Retype the data below exactly; skip every image.
Start of SUPPLIED DATA
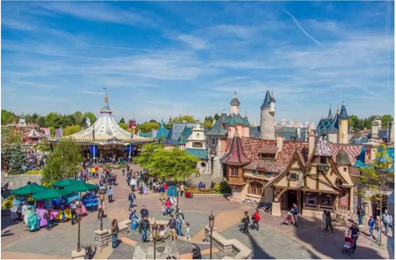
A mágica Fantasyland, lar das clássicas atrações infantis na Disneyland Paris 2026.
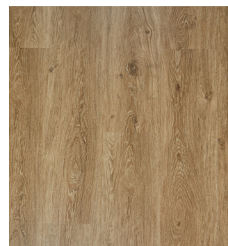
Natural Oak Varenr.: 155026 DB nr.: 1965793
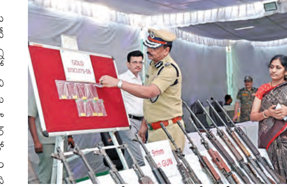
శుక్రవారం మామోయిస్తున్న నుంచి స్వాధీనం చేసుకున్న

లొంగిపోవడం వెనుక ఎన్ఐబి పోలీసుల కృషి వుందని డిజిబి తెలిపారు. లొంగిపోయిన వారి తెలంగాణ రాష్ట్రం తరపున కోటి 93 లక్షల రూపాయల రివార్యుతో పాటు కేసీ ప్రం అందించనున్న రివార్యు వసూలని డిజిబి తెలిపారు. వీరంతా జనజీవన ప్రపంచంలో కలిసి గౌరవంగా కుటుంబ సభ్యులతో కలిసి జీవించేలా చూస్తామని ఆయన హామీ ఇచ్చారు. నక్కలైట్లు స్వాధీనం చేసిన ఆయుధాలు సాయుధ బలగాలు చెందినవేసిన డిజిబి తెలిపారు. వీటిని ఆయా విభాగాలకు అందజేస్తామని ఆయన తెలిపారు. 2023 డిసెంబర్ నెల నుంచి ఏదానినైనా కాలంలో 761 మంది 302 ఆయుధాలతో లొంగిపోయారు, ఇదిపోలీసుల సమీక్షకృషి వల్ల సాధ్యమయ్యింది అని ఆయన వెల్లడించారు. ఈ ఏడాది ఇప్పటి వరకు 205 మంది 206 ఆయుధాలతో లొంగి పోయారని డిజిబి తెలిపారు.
End of SUPPLIED DATA
* **SOLUTION**
A mágica Fantasyland, lar das clássicas atrações infantis na Disneyland Paris 2026.
Natural Oak Varenr.: 155026 DB nr.: 1965793
శుక్రవారం మామోయిస్తున్న నుంచి స్వాధీనం చేసుకున్న

లొంగిపోవడం వెనుక ఎన్ఐబి పోలీసుల కృషి వుందని డిజిబి తెలిపారు. లొంగిపోయిన వారి తెలంగాణ రాష్ట్రం తరపున కోటి 93 లక్షల రూపాయల రివార్యుతో పాటు కేసీ ప్రం అందించనున్న రివార్యు వసూలని డిజిబి తెలిపారు. వీరంతా జనజీవన ప్రపంచంలో కలిసి గౌరవంగా కుటుంబ సభ్యులతో కలిసి జీవించేలా చూస్తామని ఆయన హామీ ఇచ్చారు. నక్కలైట్లు స్వాధీనం చేసిన ఆయుధాలు సాయుధ బలగాలు చెందినవేసిన డిజిబి తెలిపారు. వీటిని ఆయా విభాగాలకు అందజేస్తామని ఆయన తెలిపారు. 2023 డిసెంబర్ నెల నుంచి ఏదానినైనా కాలంలో 761 మంది 302 ఆయుధాలతో లొంగిపోయారు, ఇదిపోలీసుల సమీక్షకృషి వల్ల సాధ్యమయ్యింది అని ఆయన వెల్లడించారు. ఈ ఏడాది ఇప్పటి వరకు 205 మంది 206 ఆయుధాలతో లొంగి పోయారని డిజిబి తెలిపారు.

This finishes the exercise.